→ To do: Repeat the entire listing exactly. Omit all pictures.

→ Stored data:
^^^^^^^^

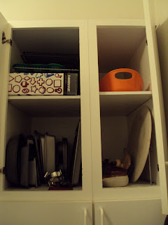 There is only one section I haven’t really gotten to yet, but I only plan on swapping the placement of these items because we use the casseroles all the time, but not so much on the pizza stone or soup crocks.
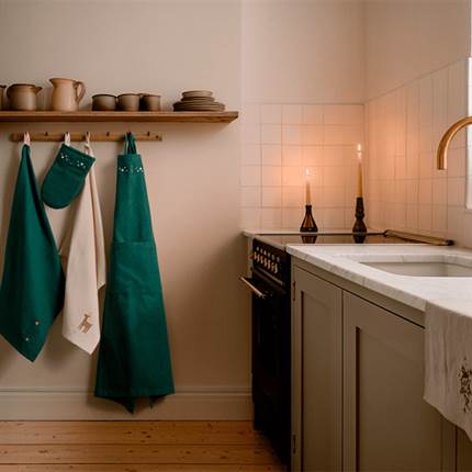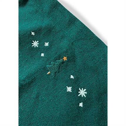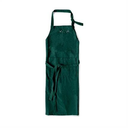 Dette elegante JUNA Christmas Fable-forklæde i dyb julegrøn er udsmykket med et broderet motiv af seriens karakteristiske juletræ, omgivet af fine små hvide julestjerner, som smukt og stilfuldt pryder forklædets øverste del.
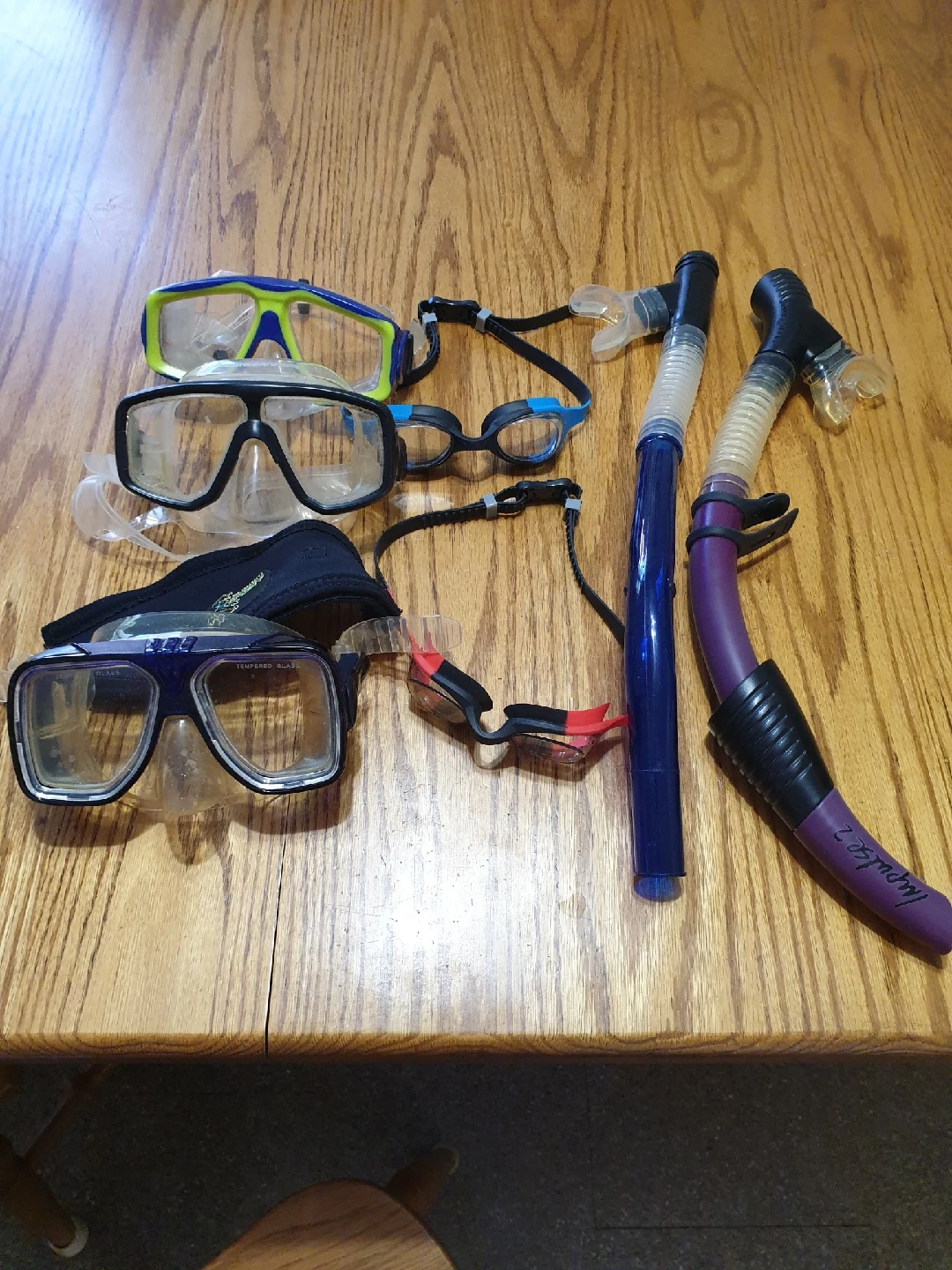 Get ready to explore the underwater world with this set of snorkeling gear. The set includes masks and snorkels, ideal for your next aquatic adventure. This set is used but still fully functional. Dive into savings and make a splash this summer! Masks come in a variety of colors. If this ad is still up, yes, it's still available! Purple snorkel $40.00 Blue snorkel $25.00 Small Google $10.00 each Blue front Mask $40.00 Black Mask $25.00 Lime green Mask $15.00 NO HOLDS FIRST PU. (Union Weber Wloo)
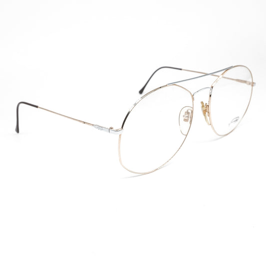 Menrad 390-110 oversized silver/gold metallic eyeglasses frames with cut off hinge design 1980s NOS

^^^^^^^^

→ Expected output:
 There is only one section I haven’t really gotten to yet, but I only plan on swapping the placement of these items because we use the casseroles all the time, but not so much on the pizza stone or soup crocks.
 Dette elegante JUNA Christmas Fable-forklæde i dyb julegrøn er udsmykket med et broderet motiv af seriens karakteristiske juletræ, omgivet af fine små hvide julestjerner, som smukt og stilfuldt pryder forklædets øverste del.
 Get ready to explore the underwater world with this set of snorkeling gear. The set includes masks and snorkels, ideal for your next aquatic adventure. This set is used but still fully functional. Dive into savings and make a splash this summer! Masks come in a variety of colors. If this ad is still up, yes, it's still available! Purple snorkel $40.00 Blue snorkel $25.00 Small Google $10.00 each Blue front Mask $40.00 Black Mask $25.00 Lime green Mask $15.00 NO HOLDS FIRST PU. (Union Weber Wloo)
 Menrad 390-110 oversized silver/gold metallic eyeglasses frames with cut off hinge design 1980s NOS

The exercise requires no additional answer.